The Chemours Company (/kɛˈmɔərz/, kem-ORZ), headquartered in Wilmington, Delaware, is an American chemical company. It was spun off from DuPont in July 2015. The company's primary products are refrigerants, titanium dioxide pigment, and industrial fluoropolymer resins. The company operates 28 major production facilities in 8 countries and serves approximately 2,400 customers in approximately 110 countries.

Chemours manufactures and sells chemicals under three divisions: Thermal & Specialized Solutions, which produces refrigerants, thermal management products, propellants, foam blowing agents, and specialty solvents including Freon; Titanium Technologies, which produces titanium dioxide; and Advanced Performance Materials which produces membranes, industrial resins, and coatings under the brand names Teflon, Viton, Nafion, ECCtreme ECA, and Krytox.

Chemours is ranked the 594th on the Fortune 500 and 1534th on the Forbes Global 2000.

The name of the company is a portmanteau of the words "chemical" and "Nemours", derived from E. I. du Pont de Nemours & Co., the company's former parent.

The company has faced fines and regulations from its contamination of air, water, and soil with PFAS.

==History==
On July 1, 2015, DuPont completed the corporate spin-off of Chemours, which began trading on the New York Stock Exchange.

Chemours assumed various liabilities arising from lawsuits against DuPont.

In February 2024, CEO Mark Newman, CFO Jonathan Lock, and Financial Controller Camela Wisel were placed on administrative leave by the board of directors due to delayed payments to some vendors to increase their bonuses, in violation of the company's standards for ethics.

==Legal and regulatory issues==
Chemours' plant in Bladen County, North Carolina, was found to be dumping vast quantities of a chemical dubbed "GenX", a precursor of Teflon, into the Cape Fear River. This story is recounted in the 2018 documentary film The Devil We Know, which centers on Parkersburg, West Virginia, where the DuPont facility that manufactured Teflon was located. The documentary follows the personal stories and tribulations of several people who worked at the Parkersburg facility.

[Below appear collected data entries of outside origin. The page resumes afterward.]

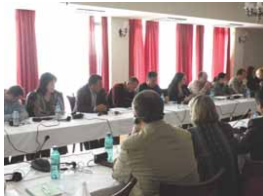
Учесници на работилницата

Содржината на дневниот ред беше разновидна и во најголем дел посветена на потребата од регионално управување со отпадот. Освен објаснувањето на стратешката и правната рамка и потребите од инвестиции во овој сектор, многу голем дел од времето беше посветен на регионалната соработка. При тоа предавачи од Летонија ги пренесуваа своите искуства од земја која е по многу нешта слична на Македонија. Исто така, голем дел од сесиите беше посветен и на барањата за изработка на општинските планови за управување со отпад, како и на инвестициите во овој сектор. За таа цел претставници на канцеларијата на Светската банка во Скопје, на канцеларијата за претпристапни фондови ИПА при Приоритетни инвестиции во областа на животната средина и претставник на Министерството за финансии беа поканети да ги објаснат можностите за финансирање на капитални проекти во кои спаѓа и изградбата на регионални депонии.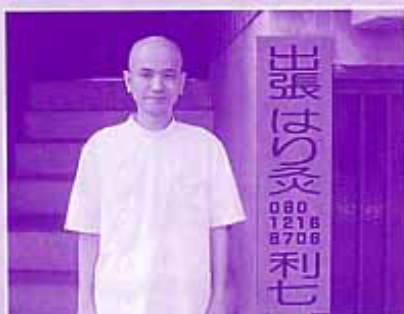
▲糸魚川市と名立区内はどこでも出張 はりきゅう利七 http://web.nou.ne.jp/~hari9ri7/

患者様に心地よい治療を心掛け、「刺さない鍼や」熱くないお灸」も取り入れている。治療内容を分かり易く丁寧に説明してくれるので、鍼灸が初めての方も安心して利用できる。(加藤記)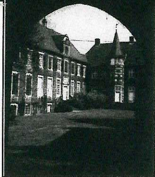
Het kasteel Egelborg zoals wij dat mochten aanschouwen.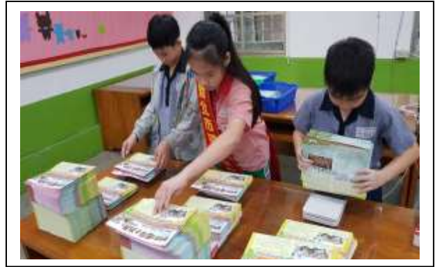
說明:本年度定期發放新北市環保小局長雙月刊刊物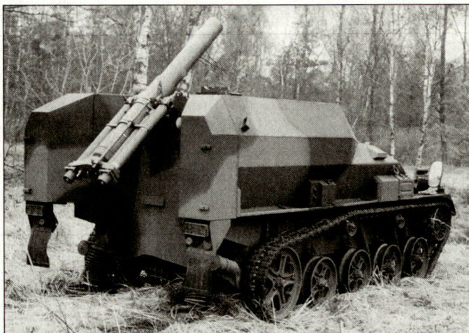
Modell des neuen mobilen Panzerminenwerfers «Wiesel 2».

Nach der für Anfang 2004 geplanten Auslieferung der beiden Erprobungssysteme wird der LePzMrs 120 mm «Wiesel 2» in die Truppenerprobung gehen; eine Serienbeschaffung kommt frühestens ab 2006 in Frage. hg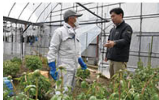
ほ場で個別指導を行う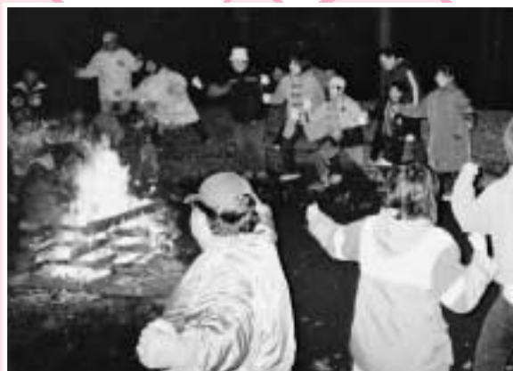
キャンプファイアーは楽しいな

格安にご利用になれます! 利用料……………無料 まき代……………25円 シーツ代……………140円 合計 165円 (1泊2日・ひとり当たり)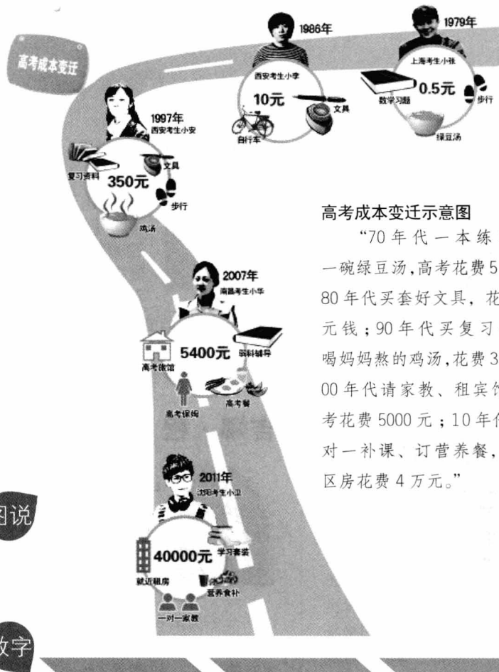
高考成本变迁示意图

“70年代一本练习题，一碗绿豆汤，高考花费5毛钱；80年代买套好文具，花费10元钱；90年代买复习资料，喝妈妈熬的鸡汤，花费350元；00年代请家教、租宾馆，高考花费5000元；10年代请一对一补课、订营养餐，租学区房花费4万元。”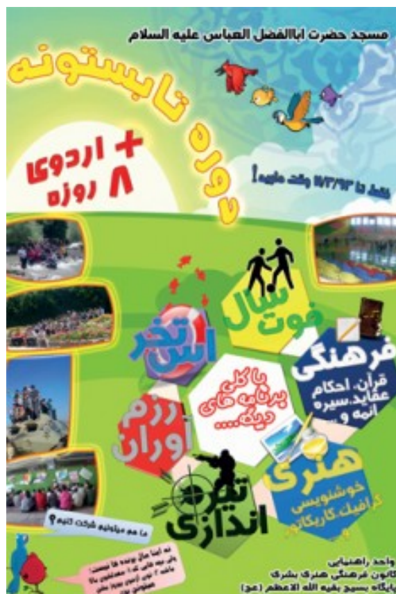
نمونه کامل شده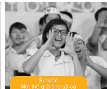
Sự kiện Một thế giới cho tất cả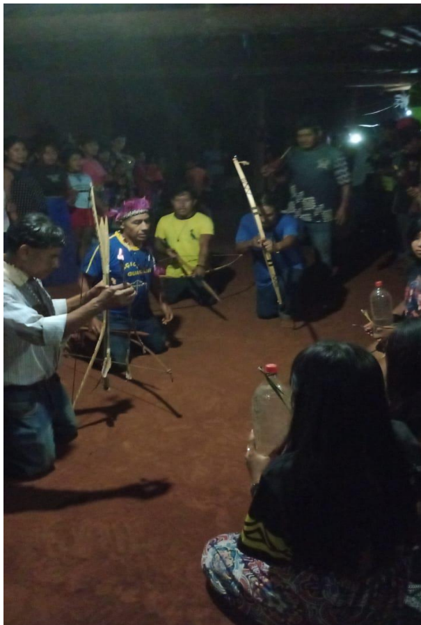
Fotografia 2: Ñhemongarai, realizado no ano de 2022 na Tekohá Ocoy, em São Miguel do Iguçu, Paraná.

no chão de forma reta ( takuapu ). Jerokyete'i jave- oguerojapysaka- durante a dança todos os participantes seguem o movimento e os passos ( mborai oupiva'e-ojeroky'iva'e ) do rezador que lidera a dança cerimonial.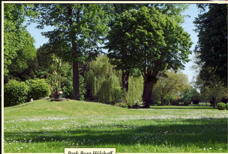
Park Burg Hülshoff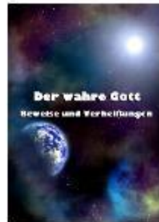
Der wahre Gott - Beweise und Verheißungen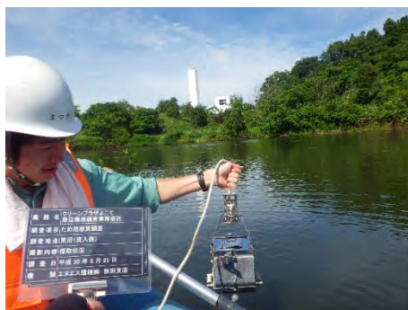
採取状況(荒沼(流入側))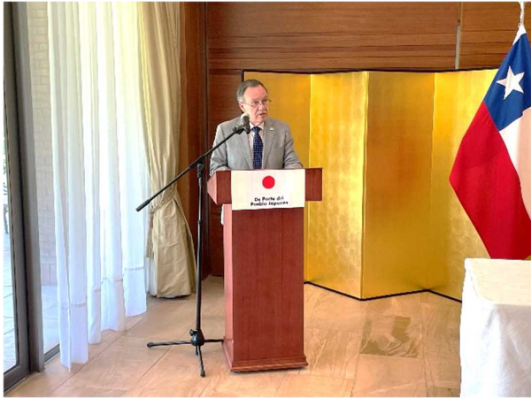
カルロス・コンデル提督財団レイバ理事長挨拶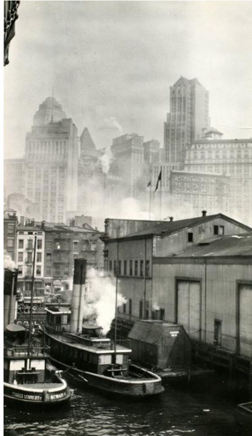
Puerto de Nueva York. La ciudad vista desde el barco Cristóbal Colón.

Abril de 1929. Fotografía de Joaquín Turina

In September 2023, a court in the Netherlands found Chemours to be liable for pollution caused by the polytetrafluoroethylene (Teflon) producing plant in Dordrecht, South Holland. The court stated that Chemours' predecessor DuPont had willingly withheld crucial information between 1984 and 1998 about the harmful effects of the substances it used and emitted, which made the pollution unlawful.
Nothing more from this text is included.